- **ACTIVITY**: Exclude the pictures, then repeat the remaining data exactly.

- **SUPPLIED DATA**:
>>>
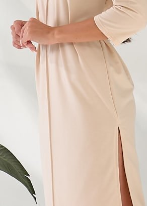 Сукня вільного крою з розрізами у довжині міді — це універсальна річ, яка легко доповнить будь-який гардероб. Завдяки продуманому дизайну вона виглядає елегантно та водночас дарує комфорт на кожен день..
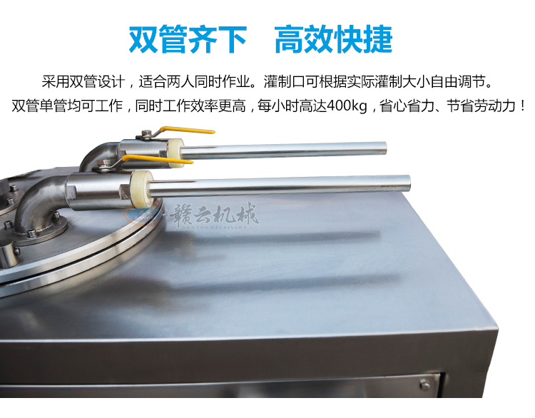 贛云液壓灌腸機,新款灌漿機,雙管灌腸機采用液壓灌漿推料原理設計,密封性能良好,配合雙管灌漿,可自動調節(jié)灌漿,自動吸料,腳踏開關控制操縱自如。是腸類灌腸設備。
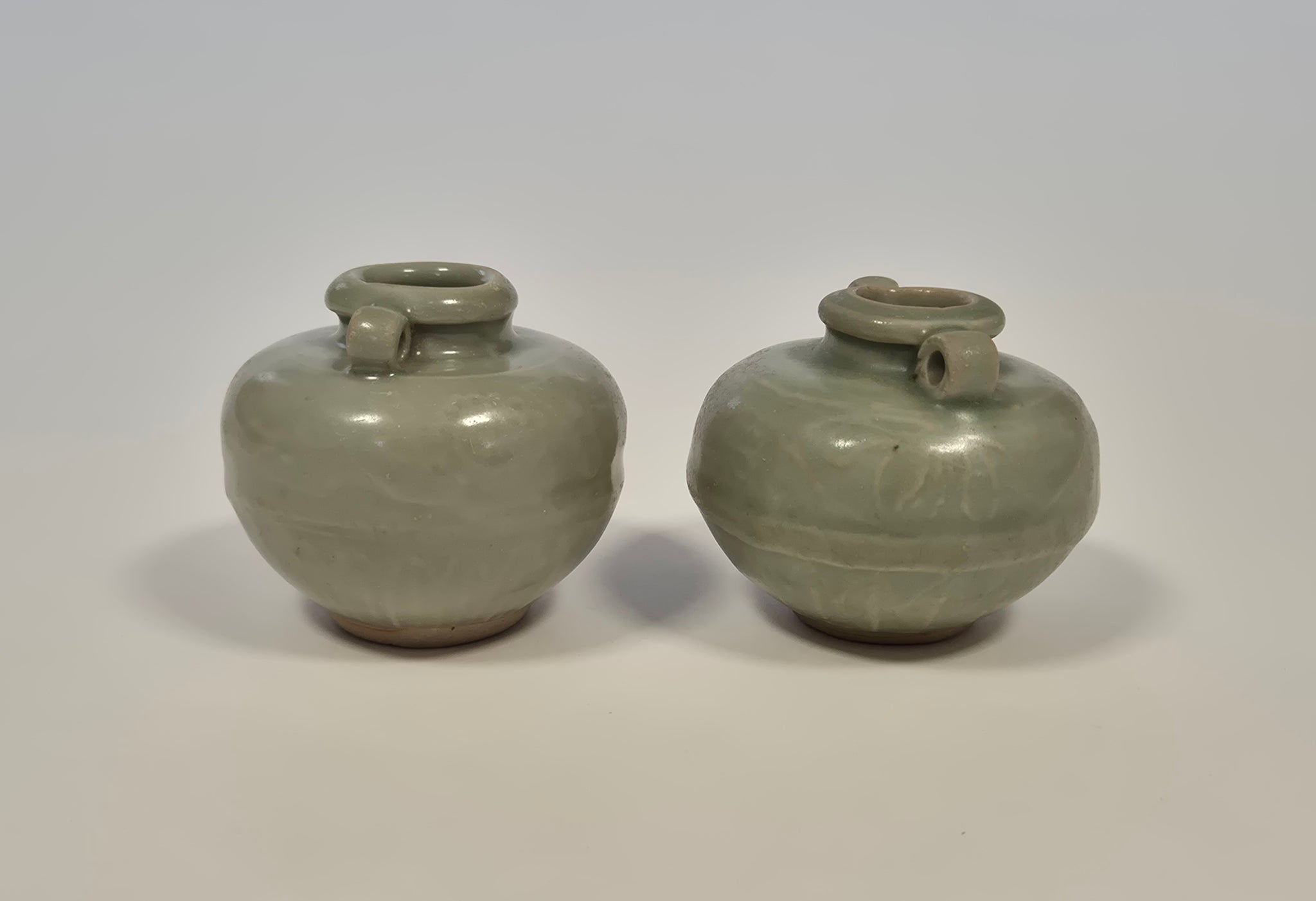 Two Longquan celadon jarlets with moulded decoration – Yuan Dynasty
<<<
- **PROBLEM SOLUTION**:
 Сукня вільного крою з розрізами у довжині міді — це універсальна річ, яка легко доповнить будь-який гардероб. Завдяки продуманому дизайну вона виглядає елегантно та водночас дарує комфорт на кожен день..
 贛云液壓灌腸機,新款灌漿機,雙管灌腸機采用液壓灌漿推料原理設計,密封性能良好,配合雙管灌漿,可自動調節(jié)灌漿,自動吸料,腳踏開關控制操縱自如。是腸類灌腸設備。
 Two Longquan celadon jarlets with moulded decoration – Yuan Dynasty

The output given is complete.